Les chercheurs ont évalué l’efficacité de ce traitement combiné en mesurant la probabilité de survie sans événement, c’est-à-dire l’absence de décès, de poussées cliniques confirmées, de dégradation de la fonction neurologique et de nouvelles lésions cérébrales observées par imagerie par résonance magnétique (IRM). L’équipe de chercheurs s’est également appliquée à déterminer le degré d’innocuité du traitement en étudiant les effets indésirables de ce dernier. L’essai en question comportait un seul groupe, c’est-à-dire que tous les participants ont reçu le traitement combiné.

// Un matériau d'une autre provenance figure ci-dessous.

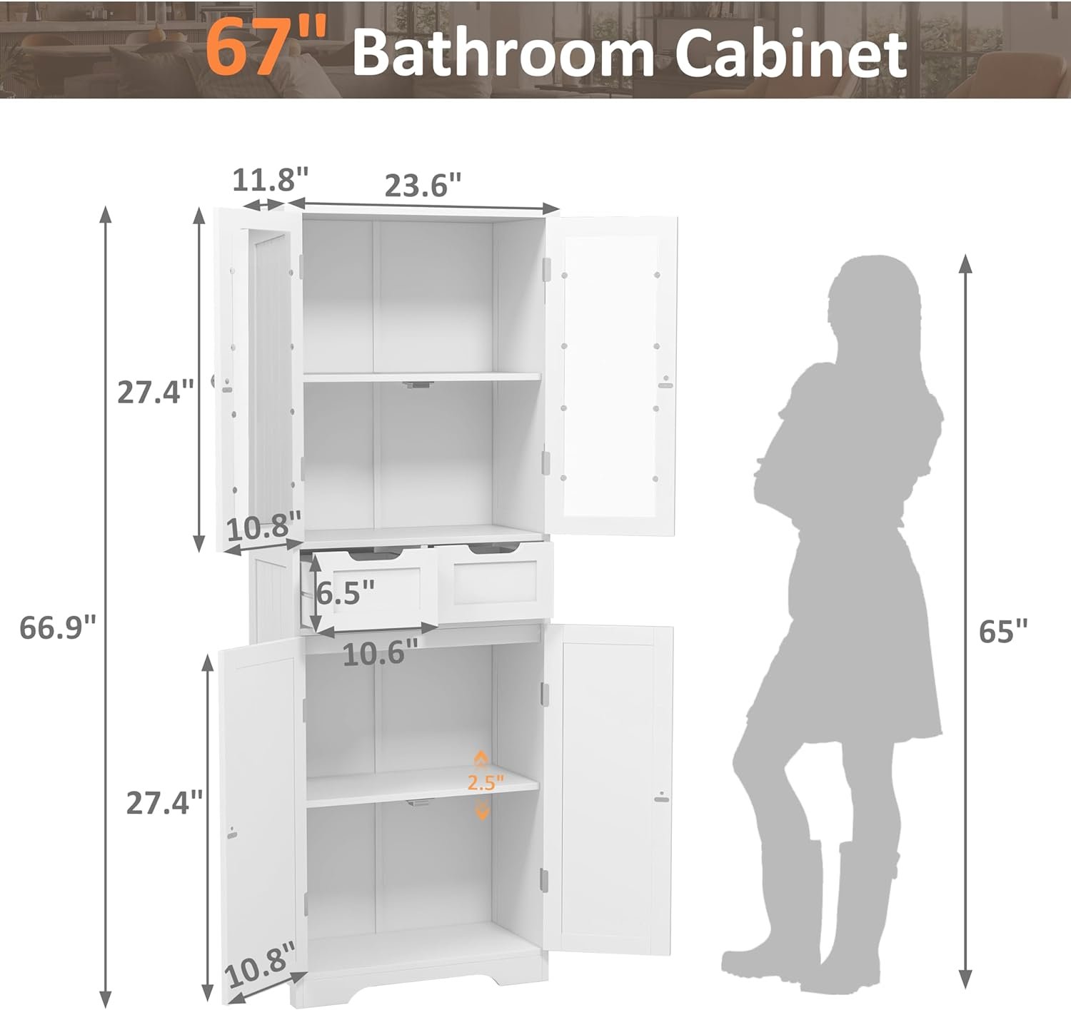 Minimalist Style: The storage cabinet minimalist design will work seamlessly with the rest of your home furniture for a polished look. Clean straight lines in white make the cabinet more elegant and beautiful, which can easily blend in various decoration styles. Glass matches with a silver knob, this linen cabinet adds a modern appeal and creates a cozy vibe

Les mesures effectuées au fil du temps auprès de chaque participant ont été comparées de façon individuelle aux données relevées avant l’amorce du traitement.
Résultats
À l’issue des trois premières années de l’étude, il a été constaté que la greffe de cellules hématopoïétiques combinée à un traitement immunosuppresseur à doses élevées a eu pour effets de maintenir la rémission chez les patients atteints de SP cyclique et d’améliorer la fonction neurologique de ces derniers. Les taux de survie sans événement ont été établis à 82,8 % au bout de deux (2) ans et à 78,4 % après trois (3) ans chez les 24 participants à l’étude. De plus, les évaluations cliniques des patients ont révélé une amélioration globale de la fonction neurologique chez tous les participants, trois ans après leur traitement. Certains effets indésirables ont été observés, mais il s’agissait d’effets secondaires prévisibles après l’administration d’un traitement immunosuppresseur énergique. Soulignons par ailleurs que les effets indésirables les plus néfastes ont pu être pris en charge efficacement ou contrés au fil du temps.
Commentaires
Le traitement de la SP cyclique au moyen des MMÉSP usuels peut réduire le nombre des poussées, mais la rémission complète des patients traités par ce type de médicaments et l’amélioration de leur fonction neurologique demeurent problématiques. Les résultats préliminaires de l’essai HALT-MS sont une source d’espoir pour les personnes atteintes de SP cyclique qui ne répondent pas adéquatement aux MMÉSP, puisque la plupart des participants ayant subi le traitement à l’étude ont bénéficié d’une rémission durable au cours des trois premières années de l’essai en plus de présenter une amélioration de leur fonction neurologique. Les résultats de cette étude viennent s’ajouter aux avancées réalisées dans le cadre de l’essai canadien sur la greffe de moelle osseuse financé par la FRSSP. Ils constituent un pas en avant dans la maîtrise de l’évolution de la SP et dans la compréhension des changements immunologiques qui sous-tendent l’apparition des poussées chez les personnes atteintes de cette maladie. Toutefois, la greffe de cellules hématopoïétiques combinée à un traitement immunosuppresseur à doses élevées n’en constitue pas moins une approche thérapeutique énergique dont le niveau de toxicité et les risques sont substantiels. C’est pourquoi il importe que l’étude HALT-MS, devant durer cinq ans, puisse être menée à terme et que ses résultats fassent l’objet d’une analyse détaillée avant que des conclusions puissent être tirées relativement aux bienfaits à long terme de ce traitement combiné pour les personnes atteintes de SP.
Source
NASH, R. A. et coll. « High-Dose Immunosuppressive Therapy and Autologous Hematopoietic Cell Transplantation for Relapsing-Remitting Multiple Sclerosis (HALT-MS): A 3-Year Interim Report », JAMA Neurol., 2014 Dec. [Diffusé en ligne avant impression].